- [GIVEN RECORDS]:
◇ ◇ ◇ ◇ ◇

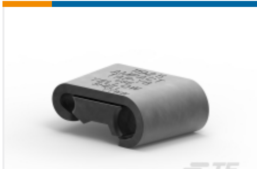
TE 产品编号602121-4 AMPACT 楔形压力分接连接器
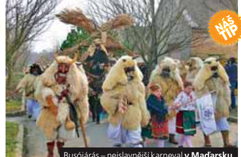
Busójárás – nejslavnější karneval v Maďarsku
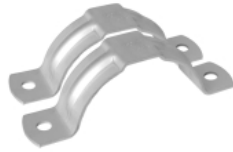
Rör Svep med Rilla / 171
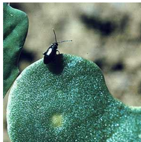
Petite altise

◇ ◇ ◇ ◇ ◇

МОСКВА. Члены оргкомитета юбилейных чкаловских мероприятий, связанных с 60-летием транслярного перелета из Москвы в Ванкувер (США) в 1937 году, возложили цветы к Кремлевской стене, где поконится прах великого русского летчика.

◇ ◇ ◇ ◇ ◇

- [WORK INSTRUCTION]:
Above are some records; extract exactly the lines from the one containing "TE 产品编号602121-4 AMPACT 楔形压力分接连接器" through the one containing "Petite altise" and drop the pictures.

- [ANSWER BOX]:
TE 产品编号602121-4 AMPACT 楔形压力分接连接器
Busójárás – nejslavnější karneval v Maďarsku
Rör Svep med Rilla / 171
Petite altise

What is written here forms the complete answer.